Alguns desenvolvimentos pós-modernos são referências importantes para as ciências sociais e humanas, nomeadamente na crítica da ideologia, na ciência, assim como na crítica social, abordagens que contribuíram para a emergência do construcionismo social. O propósito deste capítulo é abordar, ainda que de forma breve, os principais pressupostos do construcionismo social, escola que, na Psicologia, se integra no amplo chapéu disciplinar constituído pela Psicologia Social Crítica (Burr, 1995). O construcionismo social pode caracterizar-se como uma posição crítica face ao conhecimento e, fundamentalmente, uma oposição ao positivismo e ao empiricismo das ciências sociais tradicionais. Neste capítulo acentuar-se-á que todo o conhecimento, incluindo o conhecimento psicológico é específico de um momento histórico e de uma cultura particular, e que a pesquisa deve ir além do domínio individual para se centrar no social e politico com vista a uma compreensão apropriada da evolução da psicologia contemporânea e da vida social. Serão referidos os desenvolvimentos decisivos ao impulso deste movimento, designadamente os interaccionistas que descrevem a vida social como anti-essencialista e sustentam que os seres humanos em conjunto constroem os fenómenos sociais através das práticas sociais. Finalmente salientar-se-á o papel da linguagem como uma forma de acção construtora das nossas interacções e das nossas versões do mundo, o que nos permite encarar este movimento como uma alternativa optimista e optimizadora de todas as vozes na pesquisa social, uma vez que as novas formas de inquirir que se perspectivam no movimento construcionista, para as ciências sociais, se podem alargar à Psicologia.

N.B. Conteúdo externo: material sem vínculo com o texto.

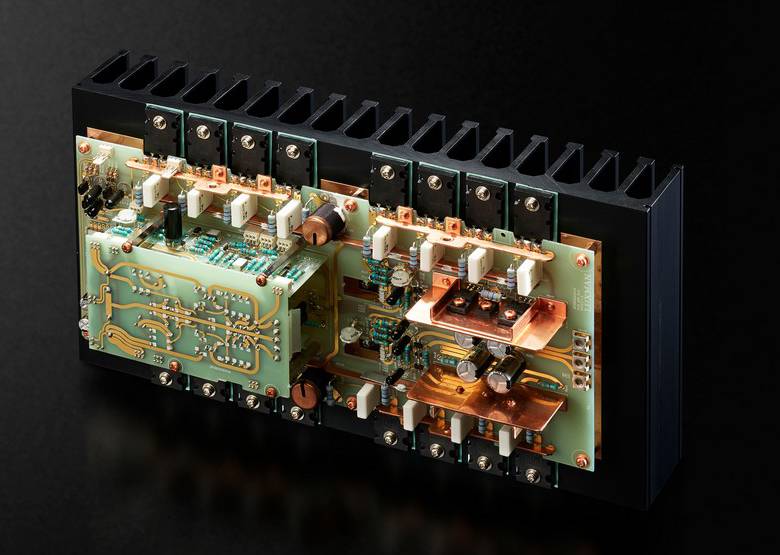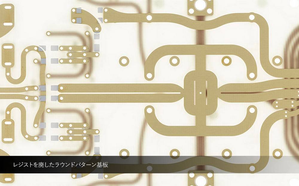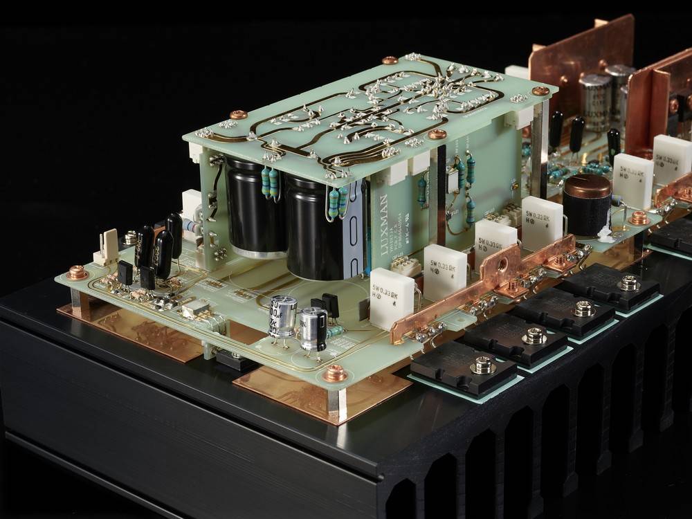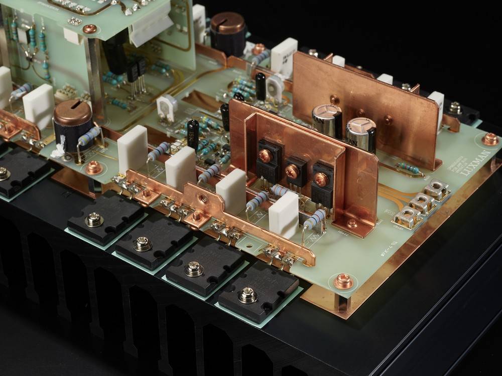 鉴于PCB 印刷电路板上铜迹的图案,对于电介效应、不必的电阻及杂散电容现象有显著影响,规划及绘制不当可引致「衰」声、讯号质素下降。故Luxman 慷慨地以厚达100μm 铜箔再加上镀金处理,并选用去除阻焊涂层的印刷电路板,以消除抗蚀剂对音质所引致不良影响之同时,同一道音频电路上铜迹的规划,亦力求对称、宽度均等,也无转向太急、太曲折的棱角。最终绘制出看上去弯弯曲曲、实则柔和地转弯的铜迹图案及布局,以促进讯号平顺流动,从而抑制上述影响。

O construcionismo social: principais pressupostos

A orientação teórica que mais contrasta com a epistemologia convencional é o movimento construcionista de tonalidade multidisciplinar que recebe influências de disciplinas como a filosofia (reacção ao representadonismo), a sociologia (desconstrução da retórica da verdade), a política (busca de lugar de visibilidade para grupos marginalizados) e a linguística e que Gergen (1985) denomina de consciência partilhada. Pode dizer-se que o seu pano de fundo é o pós- modernismo, mas as suas raízes intelectuais estão nos primeiros trabalhos sociológicos e nas preocupações com a crise na psicologia social. Num espaço de menos de 30 anos o construcionismo social adquiriu uma presença substancial na ciência e nos estudos feministas. Para isso muito contribuiu a Escola de Chicago que iniciou estudos qualitativos nos contextos naturais. O crescimento de publicações tem vindo a concorrer para o estabelecimento do construcionismo social como uma importante alternativa no campo da Sociologia, como relatam Sarbin e Kitsuse (1994).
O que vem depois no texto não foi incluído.